**PROVIDED INFORMATION**
---

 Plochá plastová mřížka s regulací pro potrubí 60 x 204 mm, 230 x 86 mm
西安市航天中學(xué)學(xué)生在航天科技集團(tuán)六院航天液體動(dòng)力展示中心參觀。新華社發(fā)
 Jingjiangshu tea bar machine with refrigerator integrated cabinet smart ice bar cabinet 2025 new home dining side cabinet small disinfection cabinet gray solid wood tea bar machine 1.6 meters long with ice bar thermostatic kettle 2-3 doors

---

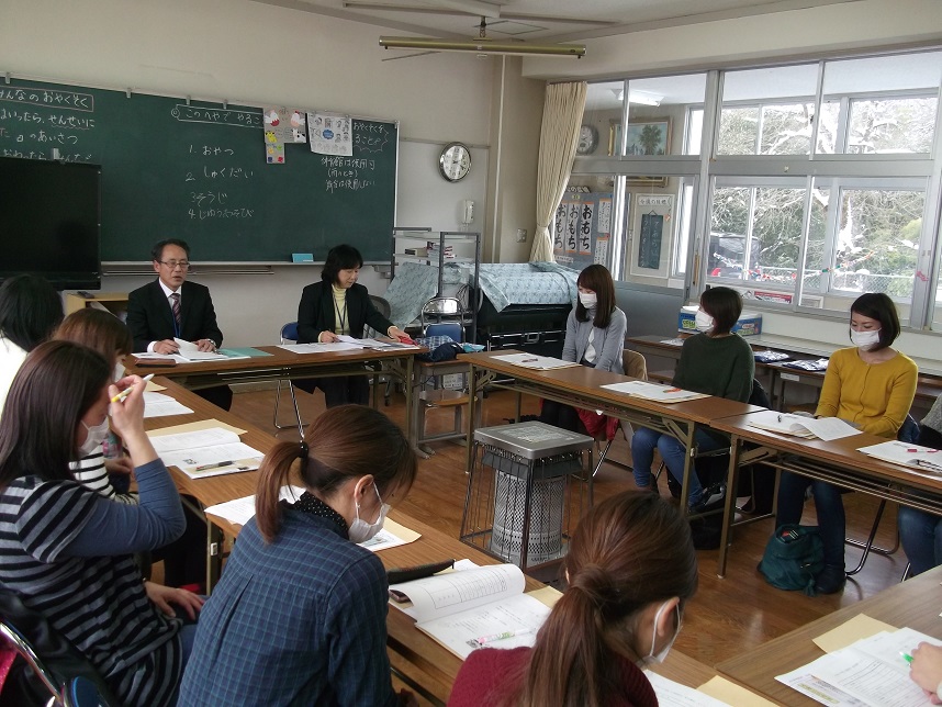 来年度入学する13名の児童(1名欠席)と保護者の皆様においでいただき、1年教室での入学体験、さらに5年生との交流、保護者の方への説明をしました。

---

**TASK REQUIREMENTS**
Working from the material above, retype exactly the lines from the one with "西安市航天中學(xué)學(xué)生在" through the one with "Jingjiangshu tea bar", both included, and only those lines.

**OUTPUT OF THE EXERCISE**
西安市航天中學(xué)學(xué)生在航天科技集團(tuán)六院航天液體動(dòng)力展示中心參觀。新華社發(fā)
 Jingjiangshu tea bar machine with refrigerator integrated cabinet smart ice bar cabinet 2025 new home dining side cabinet small disinfection cabinet gray solid wood tea bar machine 1.6 meters long with ice bar thermostatic kettle 2-3 doors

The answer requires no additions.